02 avril 2009 : L'Orgie de la tolérance, de Jan Fabre, au Théâtre de la Ville


L'orgie de la tolérance, chor. Jan Fabre

Il y a au moins un point commun entre les spectacles de Jan Fabre et un ballet classique au Palais Garnier. Dans les deux cas en effet, la salle est pleine à craquer, le public vient en connaissant parfaitement ce qu'il va voir, et il est conquis d'avance - et finalement, Jan Fabre, reconnu et médiatique. Hors deux ou trois dizaines de spectateurs qui partent en cours de spectacle, la réaction du public du Théâtre de la Ville à l'issue des deux petites heures de L'Orgie de la tolérance est plus qu'enthousiaste, pour une pièce d'où la danse est toujours très minoritaire face à l'impact de saynètes jouées avec jubilation par une troupe modelée par l'artiste autant qu'elle-même contribue à déterminer les formes prises par la pièce.

Mais que veut dire Jan Fabre avec un pareil spectacle, qui fait son miel des violences physiques, sexuelles, économiques, sociales, racistes ou politiques?

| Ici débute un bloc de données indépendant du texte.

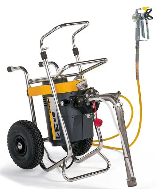 Окрасочный агрегат Wagner SuperFinish 31. Высокая надежность достигается применением в конструкции клапана из износоустойчивого твердого сплава, мембраны из стойкого к воздействию растворителей полиамида. Увеличенный рабочий ход мембраны обеспечивает возможность работы с жидкими и высоковязкими материалами. Агрегат Wagner SuperFinish 31 оснащен тележкой с пневматическими шинами, что позволяет легко перемещать окрасочный агрегат. Размеры агрегатов позволяют транспортировать их в багажнике легкового автомобиля.
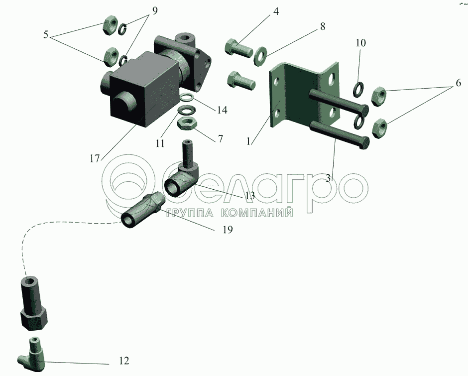 Каталог запасных частей к технике: МАЗ-5440B5. Установка привода управления блокировки 5440-2400024
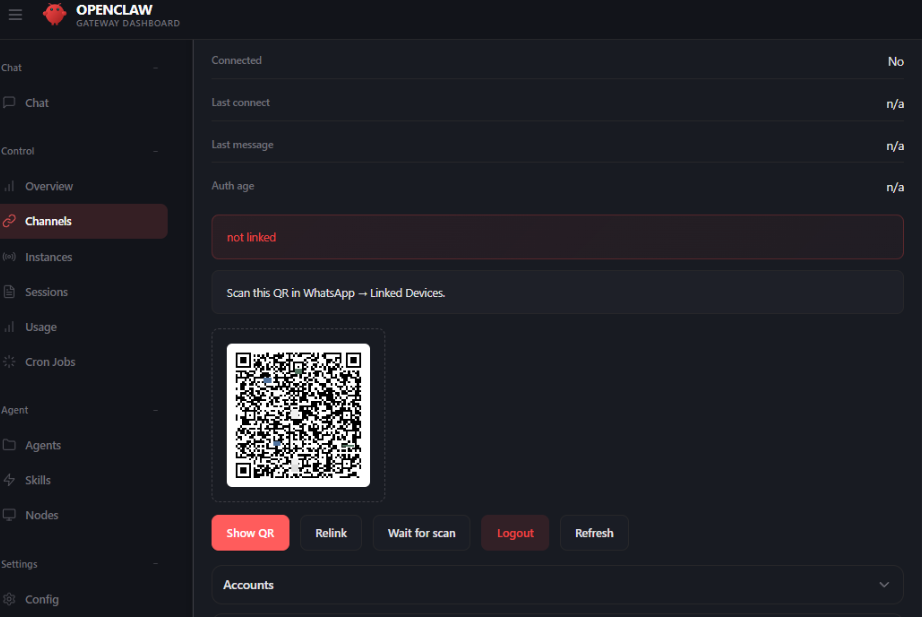- Scan the QR code displayed in the OpenClaw dashboard.
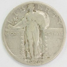 1926 Standing Liberty Quarter Dollar US 90% Silver 25 Cent Coin Philadelphia
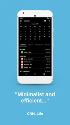 "minimalist and efficient, with seamless syncing of data across devices. It helps users keep track of credit cards, bank accounts, loans, and debts through graph reports, and allows for customizable budgeting categories that can be viewed per week, month, quarter, and year, among others."

Un premier niveau de lecture, qui est sans doute celle d'une majorité du public, conduit à prendre au premier degré cette violence : en représentant l'horreur sous toutes ses formes, l'artiste flamand donne à ses fidèles le plaisir de se sentir du bon côté face aux sévérités du monde contemporain. Certainement, Fabre est un moraliste, qui fait du corps et de l'argent les thèmes centraux de sa réflexion, tout comme il le fait dans ses autres activités artistiques.

jan fabre orgie de la tolerance
L'orgie de la tolérance, chor. Jan Fabre

Pourtant, au fil de la pièce, des interrogations naissent devant le manichéisme de ces dénonciations, qui culminent dans une scène paroxystique où sont invectivés, à la fin de la pièce, victimes et bourreaux, des minorités et ceux qui les rejettent, artistes et spectateurs. Il y a là une forme de jubilation du jeu de massacre, qui pousse à ne pas prendre toujours au premier degré cette violence, mais n’y voir qu’un simple défouloir : qui, dans notre monde, peut affirmer n’avoir jamais eu ces mauvaises pensées dont l’expression est une libération malsaine? Mais il y a sans doute plus, et le titre de la pièce donne ici sans doute une des clefs essentielles du spectacle : que se passe-t-il quand la tolérance devient jouissance orgiaque? En jouant ainsi, devant un public conquis, à repousser toujours plus loin les limites du supportable, c'est certainement, à travers ce public précis, sur les côtés troubles de cette tolérance si fièrement affichée de toutes parts qu’elle devient comme une seconde peau qui peut devenir elle-même matrice de nouvelles exclusions.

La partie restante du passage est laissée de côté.